I’m not writing about some of them here directly for a few reasons: one, part of my mind doesn’t quite believe it yet; two, I think they fall into my “To know, to will, to dare, to keep silent” clause. I’m keeping silent about them for now.

All of these things, together, have refined my focus. The human mind, when carefully focused, is an amazing thing: it’s like a magnifying glass that can be used to spark a fire, transforming inert matter into flame.

This is what I mean, when I say that I’m learning to be serious. I’m focusing my mind; focusing my being. Dialing in the lens.

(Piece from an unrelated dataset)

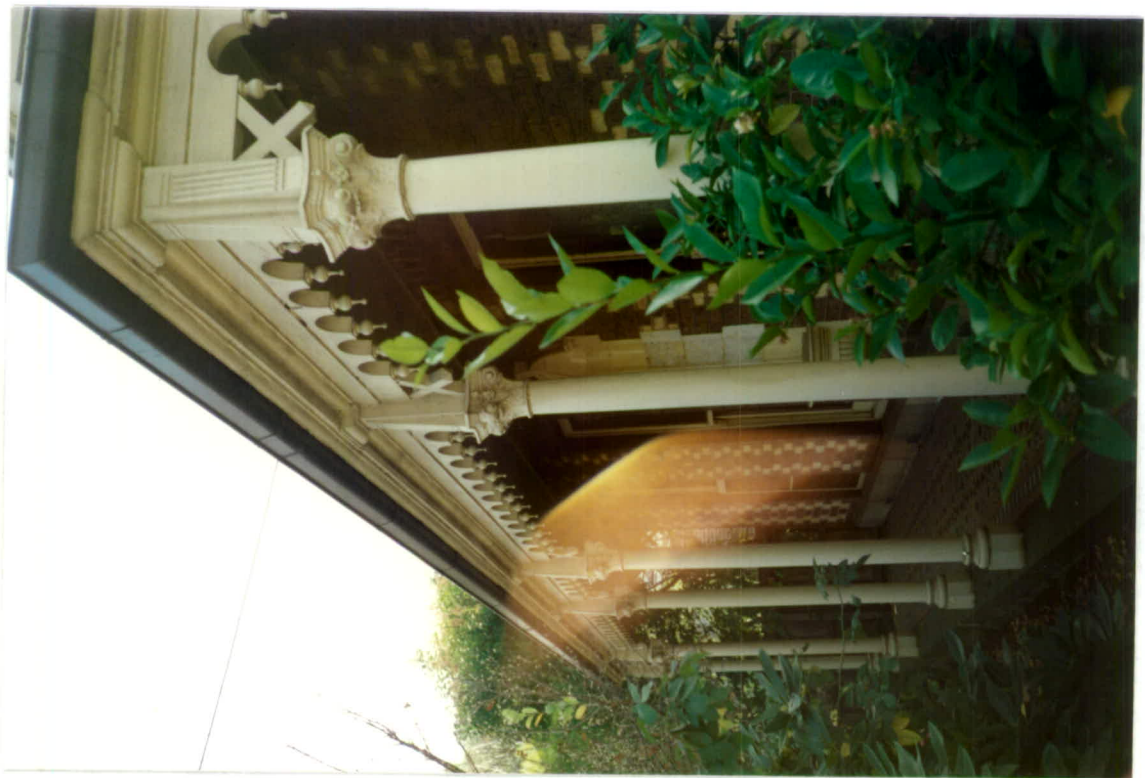
79 Oxley Road

Jumping rope is the kind of thing that I enjoy once I get started, but have trouble starting, so it takes a significant push. I got that kind of push this weekend: the kind that says, “Take this instrument you have been given and polish it. Make it better. Make of it the thing it was built to be.”

It’s time to learn to be still a little more serious about this thing: not to lose the spirit of the playful fox, but also to channel the focus of the hunting fox; not to lose the spirit of the prancing, wheeling, playful horse, but to teach it cadence and collection and hone its play into dressage.

It’s time to ask, “What can I do if I make this little change here? How about this one over here?”

It’s time to approach those changes in a systematic way, in the service of a goal (knowing, as one always must, that a goal is still merely a phenomenon to which one should not cling; that goals change as we approach them; that goalposts are highly mobile things).

I still don’t know, of course, exactly where all this is going. Nobody ever does. I have hopes, aspirations, even a kind of a vision, but the vision isn’t all that clear just yet.

In the end, though, this lesson in how to be serious, in how to be moved by a passion that reworks your being from the inside out, is one of the best I’ve learned.

It’ll be interesting, in a year or so, to revisit this post. I’ve never really been a forward-looker, but now I’m sort of cautiously curious and excited about the future.

I’m in no rush to get there, though. The essential component of any journey is, in short, the present moment. This is where I am now: me, these words, the jump rope, the rain outside the window, the evening chorus of wild birds, my lazy sleeping cat.

About asher

Me in a nutshell: Standard uptight ballet boy. Trapeze junkie. Half-baked choreographer. Budding researcher. Transit cyclist. Terrible homemaker. Neuro-atypical. Fabulous. Married to a very patient man. Bachelor of Science in Psychology (2015). Proto-foodie, but lazy about it. Cat owner ... or, should I say, cat own-ee? ... dog lover. Equestrian.

Posted on 2017/04/03, in ballet lessons, balllet, goals, healing, life, work and tagged , , , , , . Bookmark the permalink. 7 Comments.

  1. OK, I’m with you on busting guts and destroying knees for ballet. But getting serious about something? Let’s not go overboard here.

  2. It’s that geek thing though, isn’t it? It’s not worth playing with if you’re not going to take it far too seriously:-)

    • this is certainly how it got me.

    • An excellent point! And I suppose there’s something about dancing that encourages obsessive devotion. Ballet especially—I don’t know many casual ballet people. I don’t think the culture of ballet exactly invites a casual approach, so of course it attracts those of us who are inclined towards nerdy obsessions.